Curt gave a stiff nod, then stood.

‘I am sorry,’ Ryan said, ‘that the agents in Adelaide did not treat you with respect. I understand the circumstances of your surrender were not ideal, but you saved a child from becoming a starbright, and that’s to be commended.’

Curt felt himself sag, barely able to hold himself vertical. No one had ever said that before. The focus, deservedly so, had always been on his murder of a pregnant woman, not the rescue of the child. There had been no way to save her, no possible solution that would have allowed him to hide her long enough to get near a vehicle, not even if she’d been able to stand. With the broken legs her captors had given her, saving her had been even more impossible.

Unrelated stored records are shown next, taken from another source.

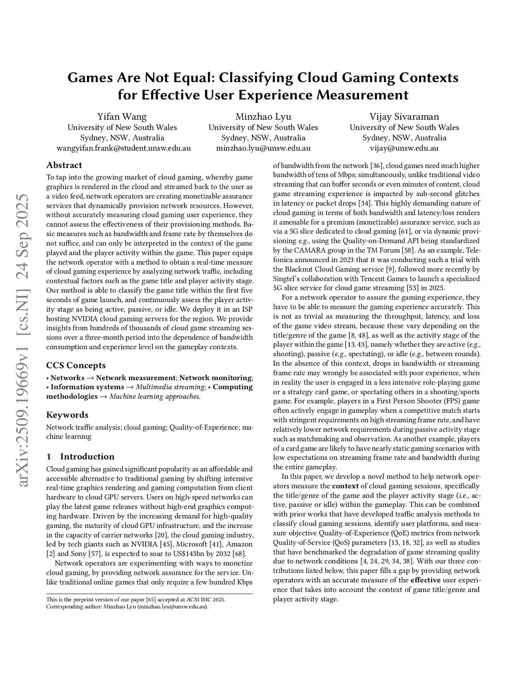 Games Are Not Equal: Classifying Cloud Gaming Contexts for Effective User Experience Measurement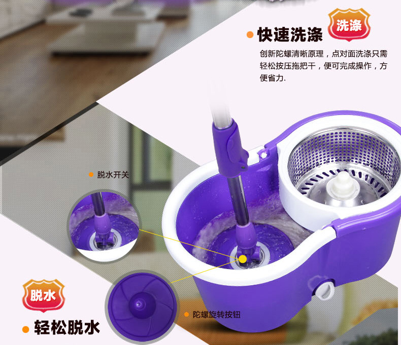 美汇特供:百家好世拖把桶双驱动迷你旋转拖把拖把桶不锈钢拖把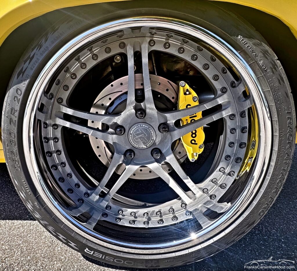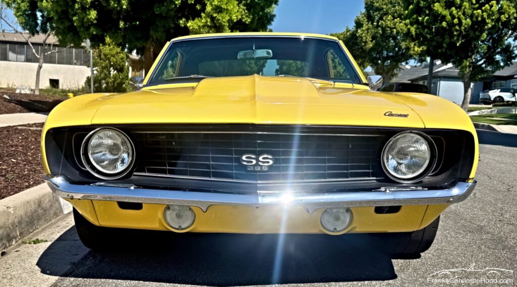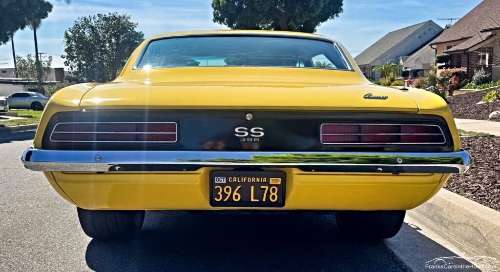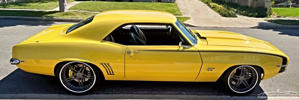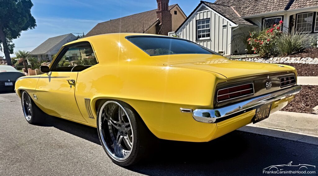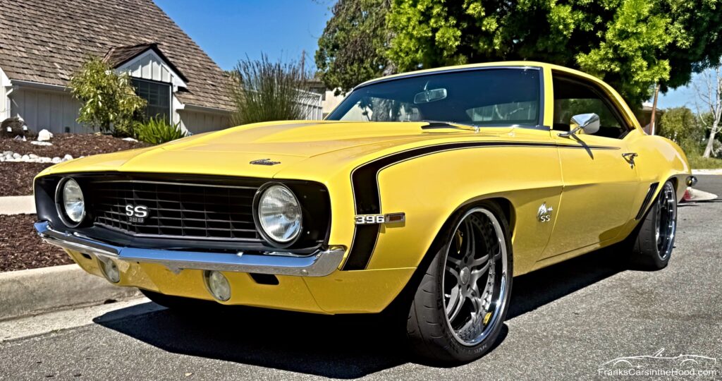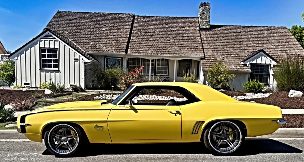 Today’s car is a 1969 Chevrolet Camaro owned by Ronnie Smith, which I photographed at his home after a Net Cruze Cars & Coffee event held at the Ladera Senior Citizen Center in Los Angeles, CA. It’s finished in its original factory Daytona Yellow with black stripes and a black interior. It was originally equipped with the L78 396 cubic inch big-block V8 rated at 375 horsepower, one of Chevrolet’s top performance engines for the Camaro in 1969. Today, it is powered by a Chevrolet Performance ZZ502 crate engine, a 502 cubic inch big-block V8 with a full roller valvetrain, a Holley carburetor, and a more street-friendly 9.0:1 compression ratio, replacing the original high-compression 12.5:1 engine that required race fuel. It is mated to a Tremec TKX 5-speed manual transmission, while the original 12-bolt Positraction rear axle remains in place with a 3.73:1 gear ratio. Braking is handled by Wilwood four-wheel disc brakes, with six-piston calipers in the front and four-piston calipers in the rear, all in a manual (non-power) configuration. The suspension consists of independent front suspension with coil springs and control arms, and a rear live axle with semi-elliptic leaf springs. The car is equipped with power steering, Vintage Air air conditioning, and Dakota Digital gauges, blending modern drivability with a largely stock appearance. It sits on True Forged 19-inch wheels up front and 20-inch wheels in the rear, wrapped in Hoosier TrackAttack Pro tires, giving the car a more aggressive stance and the grip to match its big-block power.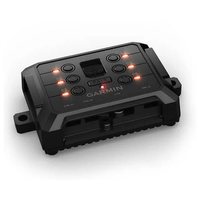 Garmin PowerSwitch is the compact digital switch box that offers convenient centralised control of your vehicle’s 12-volt accessories from a compatible1 Garmin navigator or smartphone2.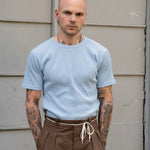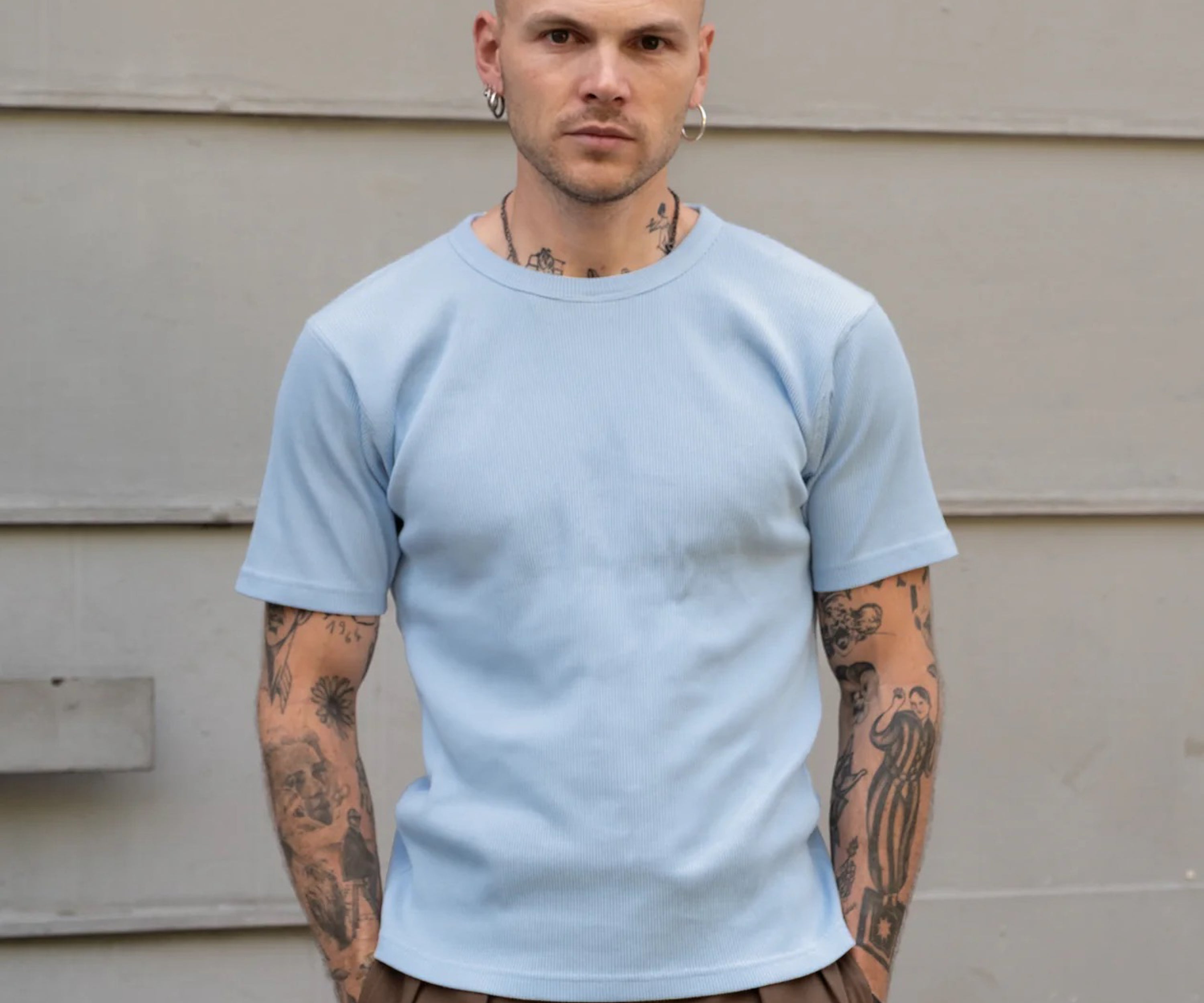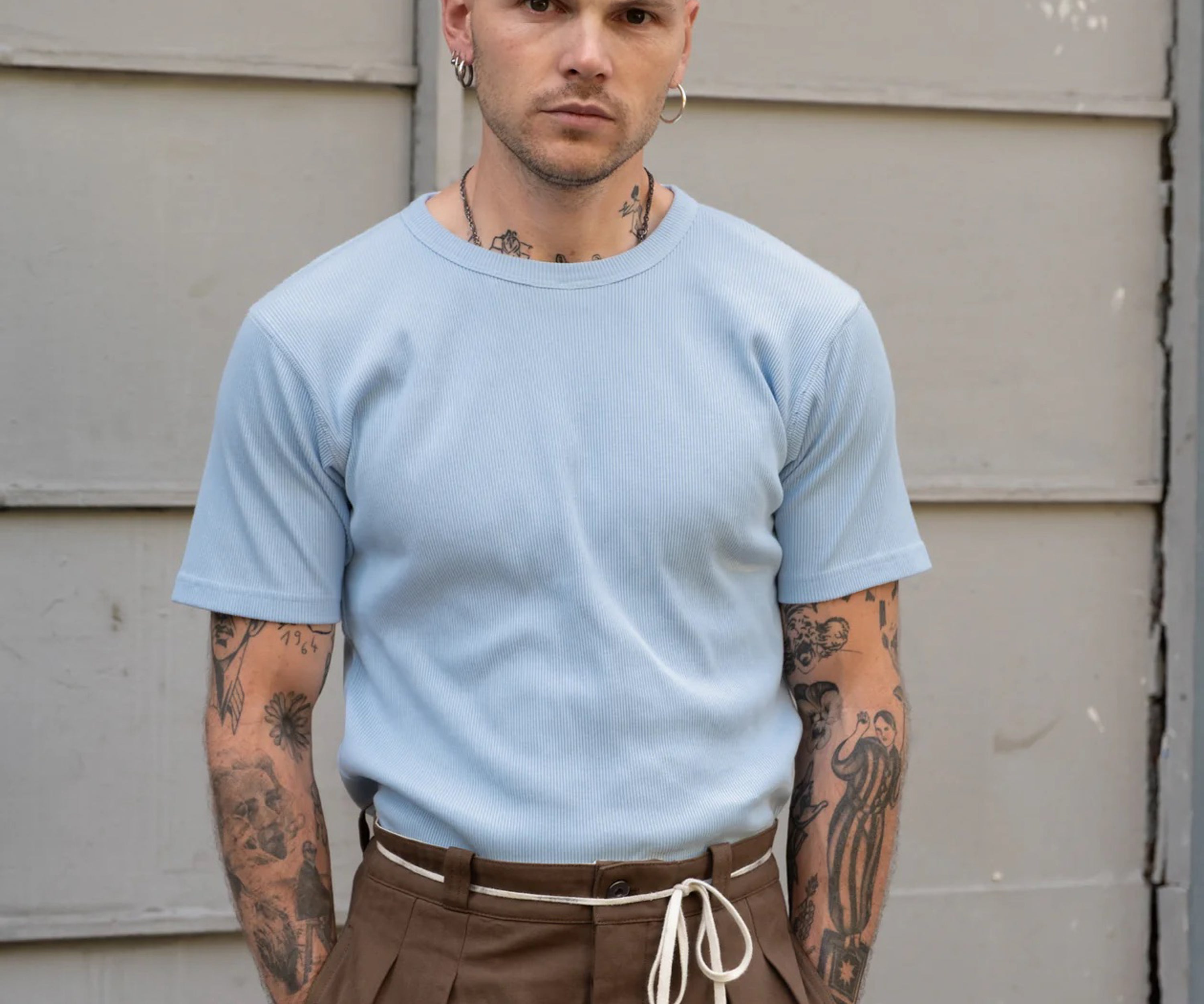 THE RIB TEE draws inspiration from the classic 50's French "tricot", a timeless essential for men at the time, and one that remains just as relevant today. Crafted from high-quality cotton fabric.

Rescuing the child had been the only option.

‘I never–’ Curt started. ‘I never saw the child again.’

Ryan stood, a photo appearing in his hand. ‘This is the child now.’

Curt looked down at a happy little kid, smiling wide whilst being pushed on a swing, brown eyes bright, wavy hair blown up by the wind. ‘May I keep this?’ he asked, pulling the photo towards him.

‘Of course.’ Ryan took a step towards him. ‘Recruit?’

‘Sir?’

‘Did Stef–’ Ryan hesitated. ‘I haven’t had a chance to ask her. Did she say why–’

Curt tried to keep his face neutral. The compliment had been a bribe. The photo had been a bribe. Tit for tat. Truth for truth. ‘She thought you abandoned her.’

Ryan didn’t try to hide the sadness on his face.

‘I told her she was an idiot, sir. You care, it’s demonstrably obvious.’

‘Thank you, Curt.’

Curt gave a stiff nod. ‘If I’m excused, sir.’

‘Of course,’ Ryan said, and Curt walked out into the hall.

The agency halls were comforting. They’d never been comforting before.

He was outside of an agent’s office. He was out in the open. Public. Not as likely to be killed in clear view.

Curt took a breath, then ran for the safety of his room.